Like many universities and colleges across the commonwealth, Penn State Brandywine has a large international student population. We also have a large population of students for whom English is a second (or third) language, though they were born in the United States. Our Multilingual Student Programs faculty and advisors host well-attended events, trips, and lunchtime talks, and the Multicultural Club is one of the most active student groups on campus. Naturally, the library wanted to be involved with these students and their enthusiastic presence at Brandywine.

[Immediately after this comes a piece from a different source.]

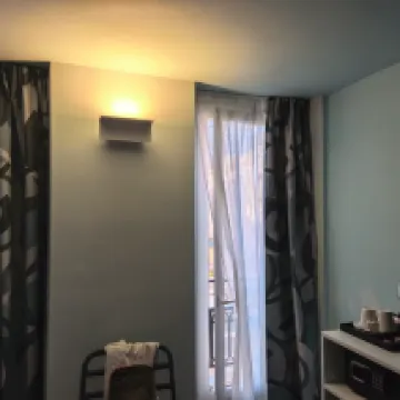 The hotel isn't very big, and I booked a room with breakfast included, which was reasonably priced and quite good. The only thing is, the breakfast was pretty much the same every day. Staying for 6 nights, it felt a bit monotonous; it would have been nice to have a little more variety. The location is excellent, right on a commercial street not far from the train station, which is super convenient if you plan on taking trains to visit towns around Nice.
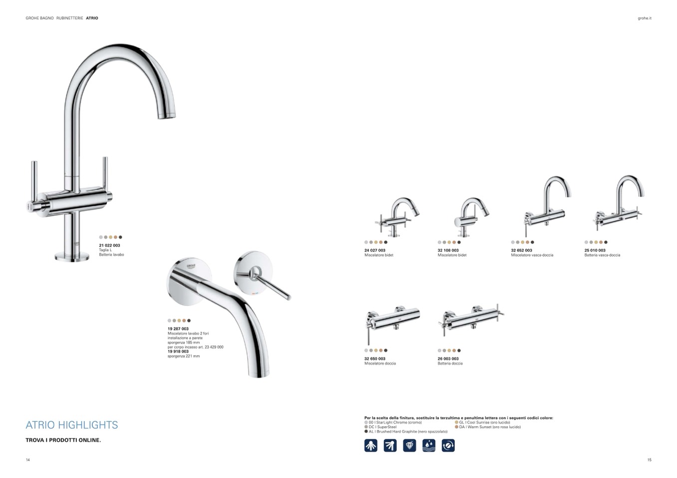 Per la scelta della finitura, sostituire la terzultima e penultima lettera con i seguenti codici colore:

One very easy way which we found to be connected to the group involves games. A few times a semester, the Multicultural Club hosts an International Game Break, where snacks are provided and students come to play games that are popular in countries outside the United States. Some examples of the tabletop games that the Multicultural Club purchased are Go, which originated in China around 5,500 years ago, Ludo, which is from India circa 3300 BC, Xiangqi, which many are familiar with as Chinese Checkers, Machi Koro, originally designed and released in Japan, and Carrom (aka Karrom), a shuffleboard game that is popular in Nepal, India, Pakistan, and Bangladesh. For our international and multilingual students, these games are often a piece of home that they can share with their new friends. For our U.S. students, once they experience them at an International Game Break event, they want to play again.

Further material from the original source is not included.